CONGO-BRAZZAVILLE : Formation du gouvernement alors que le dictateur a l'esprit au Pôle financier du Parquet de Nanterre

Le dictateur a décidé de faire passer de 38 à 35 membres, le nombre de ministres d'un gouvernement dont la direction est confiée, à nouveau, à Clément Mouamba. Afriqueeducation.com l'avait annoncé alors même qu'il venait de présenter sa démission, en disant qu'il allait être reconduit. Le président congolais ne rate aucune publication de votre groupe de presse préféré. Il adore tellement lire ses écrits qu'il a, déjà, cherché à plusieurs reprises à le tuer. Sans succès malheureusement pour lui et heureusement pour nous. Dieu veille sur Afrique Education !

Si les ministères clés des Finances, de la Défense, de l’Intérieur, du Plan, des Grands travaux, ne changent pas de titulaire, au nom de la continuité gouvernementale, le dictateur concentre son esprit ailleurs, en région parisienne, où son fils, Denis Christel (notre photo), est en « observation » auprès des juges financiers, depuis, quelques jours, avec un bracelet électronique dans le bras, pour ne pas quitter, ni vu ni connu, le territoire français. C'est une affaire qui le met de très mauvaise humeur. En attendant que ses avocats trouvent une solution.

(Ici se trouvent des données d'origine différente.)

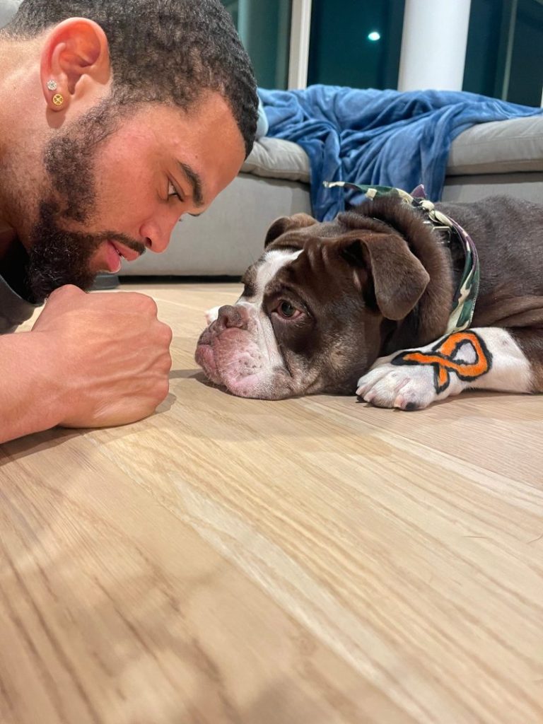 ‘I love having Supa greet me when I get home, especially after long days of workouts and school,’ Williams wrote via email. ‘There is no judging. No questions. Just me and him chillin.’

Economiste de formation, ancien banquier, Clément Mouamba doit, maintenant, faire œuvre de compétence pour limiter les effets du prochain programme avec le FMI, qui risque d'être, particulièrement, anti-social : 117% de la dette par rapport au PIB, ce n'est pas de nature à tranquilliser le dictateur, qui est appelé à former un autre gouvernement, après le dialogue avec son opposition, qu'on lui demande. En effet, le FMI et la France, souhaitent un gouvernement d'union nationale, comme gage de succès de ce futur programme. Le dictateur, lui, n'en veut pas car il redoute certains opposants qui ne sont pas prêts à le ménager dans le cadre d'un dialogue. Déjà affaibli par la crise financière, par la malgouvernance qui a fait évaporer 15.000 milliards de F CFA d'économie en dix ans, par la défaite de son armée dans le Pool, par la justice française qui commence à l'humilier, par le FMI qui va lui imposer des conditionnalités difficilement acceptables, il ne voudrait pas subir une ultime humiliation venant de son opposition qu'il a toujours méprisée et malmenée (en mettant ses ténors en prison). Voilà où se situent actuellement les enjeux.